*** Begin section ***

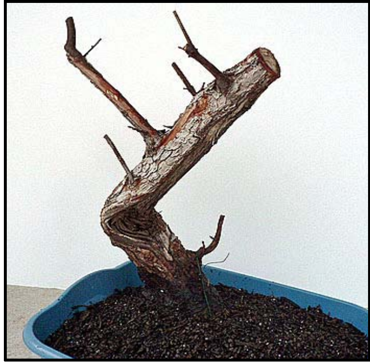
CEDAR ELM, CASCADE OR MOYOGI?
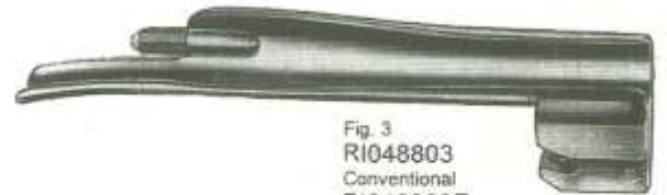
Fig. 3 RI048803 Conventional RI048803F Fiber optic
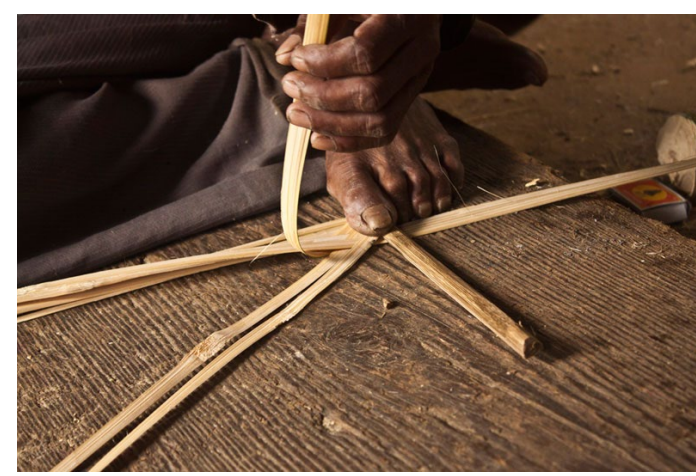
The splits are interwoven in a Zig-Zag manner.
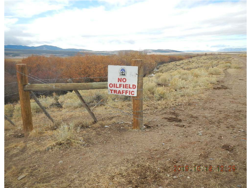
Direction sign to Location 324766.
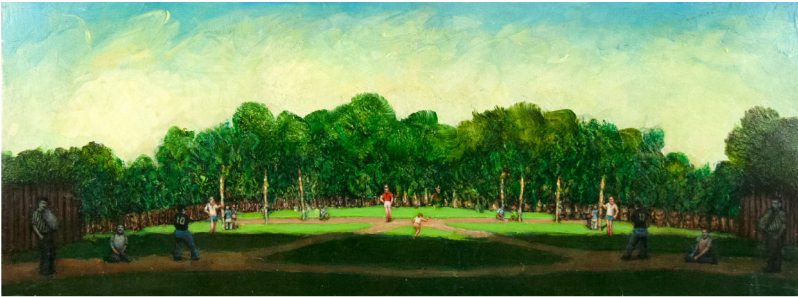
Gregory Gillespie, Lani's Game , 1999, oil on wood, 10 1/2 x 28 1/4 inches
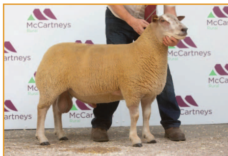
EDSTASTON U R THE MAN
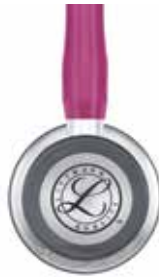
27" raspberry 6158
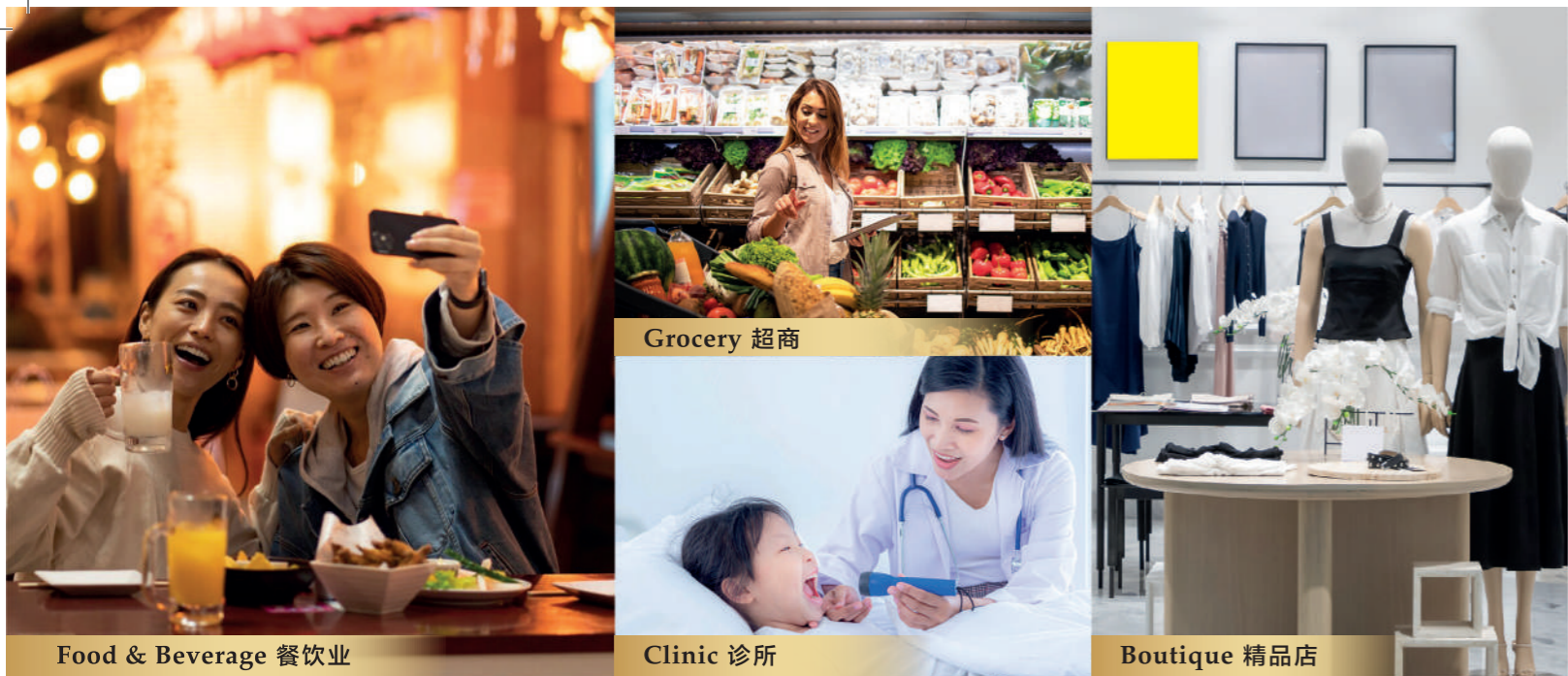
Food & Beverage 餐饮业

*** End section ***

■ **TASK TO CARRY OUT**: The result is an exact copy of the lines from the one holding "Gregory Gillespie, Lani's" through the final line of the data above, both ends included, minus the pictures.

■ **RESULT OF THIS TASK**:
Gregory Gillespie, Lani's Game , 1999, oil on wood, 10 1/2 x 28 1/4 inches
EDSTASTON U R THE MAN
27" raspberry 6158
Food & Beverage 餐饮业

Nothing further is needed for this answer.